## GOAL OF THE EXERCISE
Every line in the records below with the string "that" is to be copied out.

──────── EXERCISE DATA

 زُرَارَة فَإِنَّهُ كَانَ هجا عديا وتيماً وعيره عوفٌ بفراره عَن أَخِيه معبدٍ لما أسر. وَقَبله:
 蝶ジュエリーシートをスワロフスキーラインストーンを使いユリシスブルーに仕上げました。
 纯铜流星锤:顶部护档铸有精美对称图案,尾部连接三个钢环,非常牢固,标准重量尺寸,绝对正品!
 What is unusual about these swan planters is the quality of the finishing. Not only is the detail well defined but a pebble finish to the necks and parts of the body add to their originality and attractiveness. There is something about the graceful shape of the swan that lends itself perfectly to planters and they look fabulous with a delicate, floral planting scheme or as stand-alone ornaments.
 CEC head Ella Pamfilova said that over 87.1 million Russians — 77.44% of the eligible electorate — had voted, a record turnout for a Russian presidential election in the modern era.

────────────────
──────── EXERCISE DATA

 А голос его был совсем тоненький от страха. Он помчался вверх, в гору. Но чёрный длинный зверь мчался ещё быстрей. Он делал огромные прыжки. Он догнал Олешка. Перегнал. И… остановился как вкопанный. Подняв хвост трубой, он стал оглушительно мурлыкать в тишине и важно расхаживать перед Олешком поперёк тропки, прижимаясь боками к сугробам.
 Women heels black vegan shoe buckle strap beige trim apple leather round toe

────────────────

## ANSWER SECTION
 What is unusual about these swan planters is the quality of the finishing. Not only is the detail well defined but a pebble finish to the necks and parts of the body add to their originality and attractiveness. There is something about the graceful shape of the swan that lends itself perfectly to planters and they look fabulous with a delicate, floral planting scheme or as stand-alone ornaments.
 CEC head Ella Pamfilova said that over 87.1 million Russians — 77.44% of the eligible electorate — had voted, a record turnout for a Russian presidential election in the modern era.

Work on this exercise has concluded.